Nouwen relies on an Anglican priest, W.H. Vanstone, who wrote The Stature of Waiting, also a wonderful book that reminds us that, beginning with the trip to Jerusalem, Jesus "handed himself over" to the Judeans and to the Romans, and waited to see what would be done to him.Wwould they become followers or executioners?
Waiting has for a very long time been a big part of my life.
I laughingly call the years in New York, from 1988 to 1992, "Waiting for Mario." These were years of hope for me as I waited for a fine governor to decide whether to run for president and as my staff prepared a universal health care plan that he could use in that race.
I was waiting for the big universal health care wave to come to shore, the one that Bill Clinton tried to ride. And we are all waiting for that wave, once again.
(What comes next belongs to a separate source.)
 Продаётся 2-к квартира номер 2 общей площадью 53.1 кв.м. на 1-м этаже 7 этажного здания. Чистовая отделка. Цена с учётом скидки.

Waiting is of course expectancy, waiting for what we hope will happen. It is a big part of politics. I first encountered waiting as a key idea in politics in the Eugene Burdick novel, The Ninth Wave, a popular book in the late 1950s about a young political manipulator, a man who believed in waiting for the huge "ninth wave" that washes everything to shore, changing everything.
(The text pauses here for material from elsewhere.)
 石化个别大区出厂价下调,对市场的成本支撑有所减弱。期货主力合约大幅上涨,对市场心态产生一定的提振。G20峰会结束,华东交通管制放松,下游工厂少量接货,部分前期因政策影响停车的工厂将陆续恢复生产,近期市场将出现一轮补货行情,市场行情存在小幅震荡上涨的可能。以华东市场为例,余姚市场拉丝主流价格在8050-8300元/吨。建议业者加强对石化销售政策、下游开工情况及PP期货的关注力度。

I have always thought that universal health care, properly designed, could be that ninth wave that carries us to a more progressive future. I still do.
But for the most part, we moderns think of waiting as a bothersome nuisance, as expecting something to come to us that we don't have: waiting for the check in the mail, the plane to take off, or the warden at midnight.
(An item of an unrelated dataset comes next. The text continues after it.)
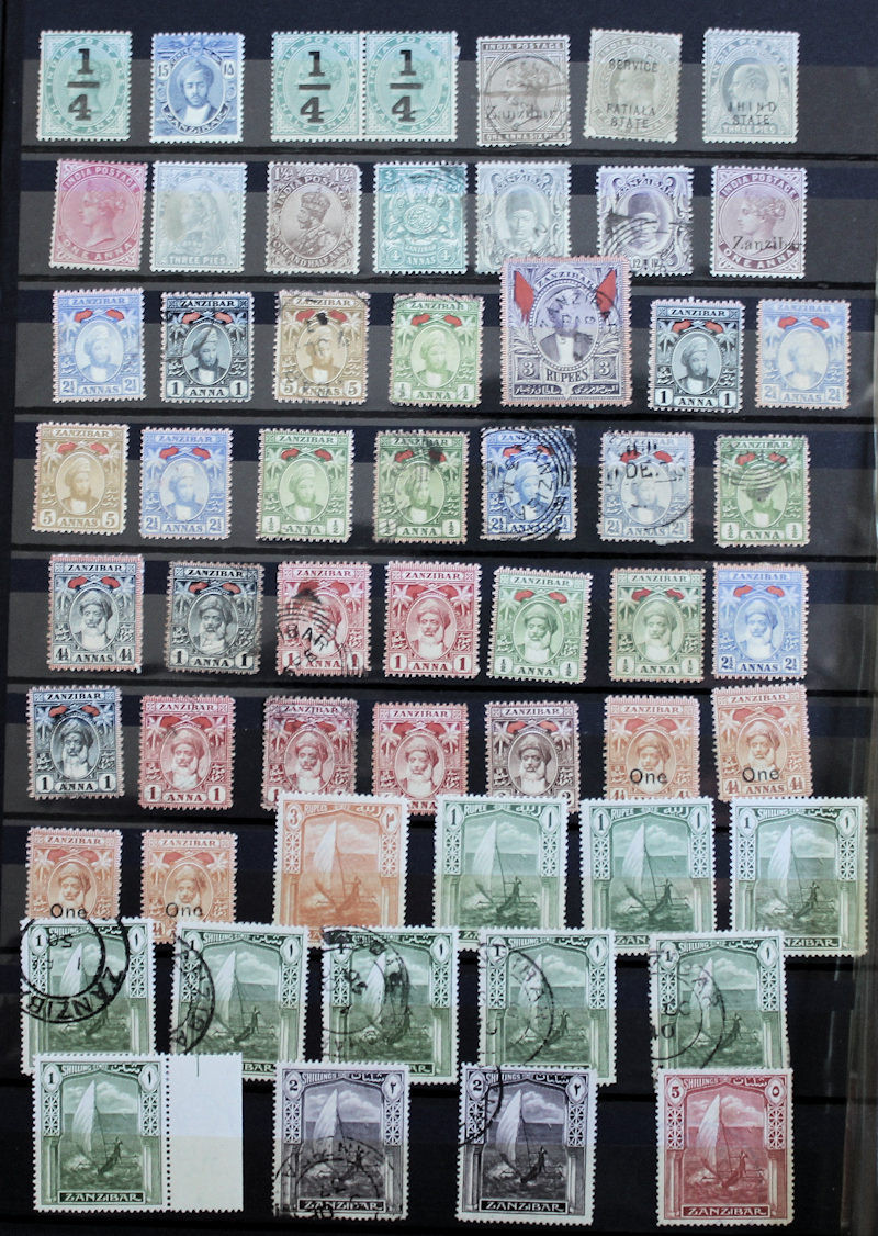 British Commonwealth mint and UM ranges in stockbook with all periods well represented; interest in Zanzibar,

Modern waiting is a kind of emptiness waiting to be filled with the future we wish for. Modern waiting is the attempt to control our futures very specifically.
But spiritual waiting is open-ended, a waiting to be surprised and even amazed. Spiritual waiting is attending to something that has already begun in us, something that has been planted in our hearts and is changing and transforming us.
Spiritual waiting is waiting as passion, the passion of answering the longing of our hearts and the passion of undergoing the suffering that can occur when we act on that longing.
The suffering part of waiting is the part I conveniently ignored.
This is the hard part of spiritual waiting, the "letting be" or "letting go" part of riding the wave. Once you decide to enter a course of action, answering your heart, you buy a train of consequences that are out of your control. You "hand yourself over."
Anyone who has ever run for office, win or lose, knows that you hand yourself over to the public.
Whatever your motives, you are acting to try and achieve some important goal. But you also are entering into the waters where things are definitely out of control and the challenge is to accept that lack of control.
This is the "letting go" and "letting be" part of waiting, and it is this part that I have trouble with.
In Bisbee, after I took office as mayor, when I occasionally complained to friends or acquaintances about the trials that sometimes came my way, quite a few would respond, "You asked for it!" And they were right.
When we set out on a course of action in any endeavor, we must wait for what happens, what will be done to us , how we can be wounded, in response. And it is often in undergoing the suffering of what happens to us that we learn the most. That's the paradox of the passion of waiting.
I have over the years since New York engaged in "scribble, scribble, scribble," about a national health plan. I have written scores of articles that I never send in. And among friends I do go on about health care reform until their eyes glaze over.
And it is only recently that I have come to realize that I have never really accepted the decision of Cuomo not to run or the sudden and shocking devastating stroke suffered by my boss, David Axelrod, the New York State Commissioner of Health and the hero of my professional life.
I never accepted the things that happened that were out of my control, after answering the passion working on my heart. And the result has been a huge obsession, a self-pitying effort to vindicate myself.
And self-pity is precisely the worst turn to take when the world responds to our choices. Self-pity is a tell-tale sign that we want back in control of our future.
The Serenity Prayer has two part: a prayer to accept the things we cannot change and the courage to change the things we can. When we are given the courage to answer our hearts we also pray for the acceptance of what happens next that can be some serious suffering.
In the end, we all wait for life itself, the passionate ways that life is always working within us, urging us on and the passions of the suffering that follow. You don’t get the one without the other.
That is life itself, entering into the waters of waiting and answering your heart and finding the surprise, the joys and the unwelcome suffering and trials of what happens, and sometimes the suffering can be your greatest gift.